Item 1.01. Results of Operations and Financial Condition.
EPI Health, LLC (“EPI Health”), as a fully consolidated subsidiary of Novan, Inc. (the “Company”), entered into an accounts receivable-backed factoring agreement with CSNK Working Capital Finance Corp. d/b/a Bay View Funding, a subsidiary of Heritage Bank of Commerce (the “Buyer”), effective December 1, 2022 (the “Agreement”). Pursuant to the Agreement, EPI Health will sell certain trade accounts receivable to the Buyer from time to time. The factoring facility provides for EPI Health to have access to the lesser of (i) $15 million (the “Maximum Credit”) or (ii) the sum of all undisputed receivables purchased by Buyer multiplied by 70% (which percentages may be adjusted by Buyer in its sole discretion), less any reserved funds. Upon receipt of any advance, EPI Health will have sold and assigned all of its rights in such receivables and all proceeds thereof. The proceeds of the factoring will be used to fund general working capital needs.
In connection with the factoring facility, EPI Health will be charged a finance fee, defined as a floating rate per annum on outstanding advances under the Agreement, equal to the prime rate plus 2.00%, due on the first day of each month. EPI Health will also be charged a factoring fee of 0.35% of the gross face value of any trade accounts receivable for each 30 day period after the trade accounts receivable is purchased. Buyer has the right to demand repayment of any purchased receivables that remain unpaid for 90 days after purchase (or 100 days in the case of certain wholesale customers) or with respect to which any account debtor asserts a dispute.
The factoring facility is for an initial term of twelve months and will renew on a year to year basis thereafter, unless terminated in accordance with the Agreement. EPI Health may terminate the facility at any time upon 60 days prior written notice and payment to Buyer of an early termination fee equal to 0.25% of the Maximum Credit multiplied by the number of months remaining in the term.
EPI Health has granted the Buyer a security interest in its accounts receivable, equipment, inventory, financial assets, chattel paper, electronic chattel paper, letters of credit, letters of credit rights, general intangibles, investment property, deposit accounts, documents, instruments, supporting obligations, commercial tort claims, reserves, motor vehicles, all books, records, files and computer data relating to the foregoing, and proceeds thereof, as more fully described in the Agreement, in order to secure the payment and performance of all obligations of EPI Health to the Buyer under the Agreement. The Agreement also provides for customary provisions, including representations, warranties and covenants, indemnification, waiver of jury trial, arbitration, and the exercise of remedies upon a breach or default.

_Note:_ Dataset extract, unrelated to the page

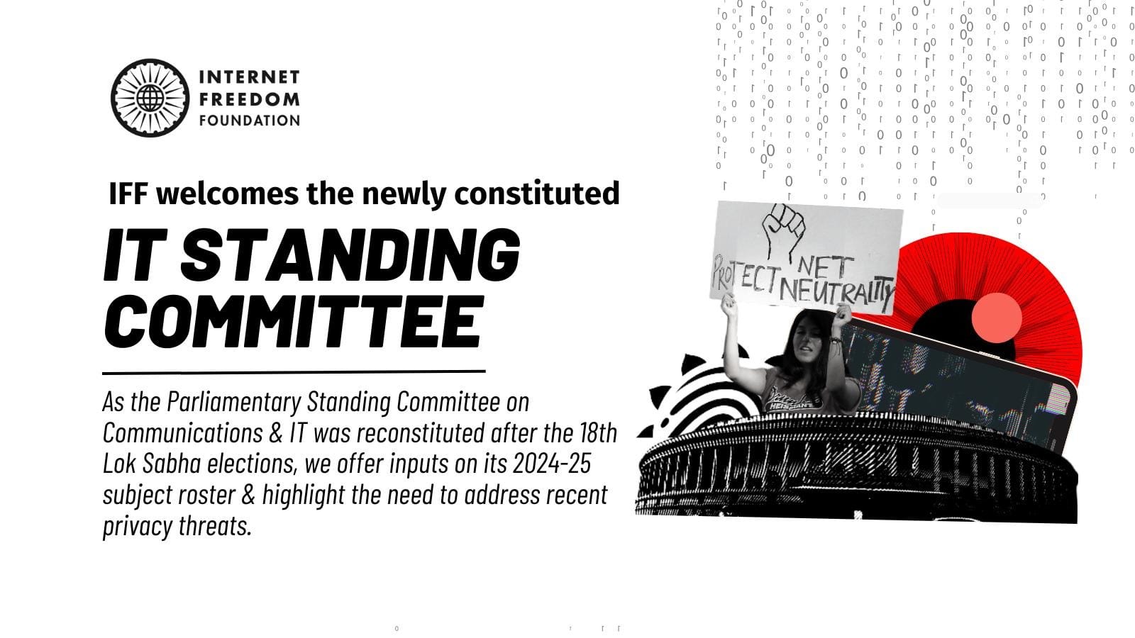 As the Parliamentary Standing Committee on Communications & Information Technology (“Committee” or “IT Standing Committee”) convenes to examine the conduct of business of ministries/departments under its mandate, we write to the Chairperson highlighting our stances and engagement with issues that form part of its subject roster for the year 2024-25. Review and recommendations of the Committee can play a significant role in protecting user interest and safeguarding our informational privacy.

The Company is not a party to the Agreement, but in connection with EPI Health entering into the Agreement, the Company guaranteed payment and performance of all obligations of EPI Health to the Buyer under the Agreement pursuant to the terms of a Continuing Guaranty Agreement between the Company and the Buyer (the “Continuing Guaranty Agreement”).
The foregoing description of the Agreement is not complete and is qualified in its entirety by reference to the full texts of the Agreement and the Continuing Guaranty Agreement, which are filed as Exhibit 10.1 and Exhibit 10.2, respectively, to this Current Report on Form 8-K, and are incorporated herein by reference.
The Company issued a press release announcing that it had entered into the Agreement on December 2, 2022. A copy of the press release is attached hereto as Exhibit 99.1 and is incorporated by reference herein.